Она согласилась. Мы отправились в заведение на Фокс-стрит, популярный ветхий паб с темными мраморными стенами и печальными окнами. Я дополнил свой обычный гротескный спектакль, встав на цыпочки, чтобы протиснуться сквозь сидящих за стойкой, размахивая фунтовой банкнотой, безуспешно стараясь привлечь внимание фантастически медлительного и надутого хозяина, каждую минуту оборачиваясь к Джен, чтобы крикнуть ей что-нибудь вроде: «Потерпи немножко», «Он меня не видит» или: «О боже», пока наконец, разжившись пинтой пива и виски с лимонадом для дамы, я проследовал за Джен сквозь толпу одетых в костюмы мужчин, усадил ее за приличный угловой столик, а сам сбежал вниз, чтобы лихорадочно пописать, зачесать лысину, прежде чем вернуться к ней и нашим напиткам.
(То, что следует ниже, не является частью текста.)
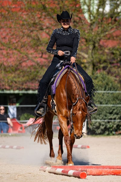 Due to a reduction in herd size, we are looking for a loving new home for this 5-star rated horse. Shez Hung in the Moon, 2015, AQHA mare. Nicknamed "Ginger" Presidental Order x Dress Western mare A beautiful, expressive 10-year-old Quarter Horse mare standing 16.3 hh, available for sale. "Ginger" is a talented all-round pleasure mare. She competes in Pleasure, Horsemanship, Trail, Ranch Riding, and Western Riding. She loves trail rides and free lunge work. Whether as a leisure horse or for competition, she leaves nothing to be desired. This year, she was regularly ridden by an eleven-year-old girl, and "Ginger" performed exceptionally well. She is very well-behaved and completely reliable in handling. A wonderful, patient teacher. She has been introduced to competition for the first time this year, and "Ginger" clearly enjoyed it, always placing highly. She is shod in front, lives in an active stable, and is also familiar with paddock box turnout. We are hoping to find her an ideal, top placement.

— Все в порядке? — спросила она.

И пусть говорят все что угодно — мне думается, я выглядел чертовски неплохо и действительно произвел крайне благоприятное впечатление. К счастью, на мне оказался мой лучший (то есть новый) костюм, и это был один из дней, когда я мог смотреть правде в глаза: у меня был не такой бледный и потрепанный вид, не такие искусанные губы, и волосы лежали довольно гладко. Мои руки тоже не так сильно дрожали — в самом деле, я три раза подносил ей спичку, тяжело и удовлетворенно дыша, когда замечал, что пламя относительно статично, — и голос мой не выдавал тех судорожных трелей, как на улице, стесняясь собственного желания. (Кстати, что до Джен, то она казалась мне ожившим поллюционным сном.) А разговор? Что ж, он тек сам собой. Он тек сам собой, с паузами, но не прерываясь слишком надолго.

Боже, это было так прекрасно! Нелепо — но я сразу же почувствовал себя изменившимся. В тот вечер по дороге домой (мост, подземка, улицы) я уже больше так жадно не пялился на каждую проходящую девицу, как если бы само их существование было болезненным fait accompli [7], направленным на меня и остатки моего достоинства. Красивая негритянка на Квинсуэй, обычный предмет моих диких фантазий, проверила мой билет, обменявшись со мною любезностями: я мог быть кем угодно другим, я мог быть вами. Свернув с главной дороги, я заметил парочку, тискавшуюся в грязном подъезде отеля, и по инерции отшатнулся было от них со злобой и отвращением, но тут же замедлил шаг и, подумав, пожелал им всего доброго. Сами улицы, которые на прошлой неделе выглядели как стертые кадры из ролика новостей, теперь казались приветливей, полные более разнообразных теней. Я помедлил в сквере — дружелюбные тени листвы пробегали у меня под ногами — и, заметив надвигающиеся огни спальни-гостиной, сказал:

— Да, я знаю. Конечно, она не станет. Знаю, знаю. И все же.

Я даже встретил Грегори на кухне (вот уж действительно великосветское общество); он выглядел щеголевато и явно куда-то собирался, но благосклонно задержался, пока я наливал себе выпить.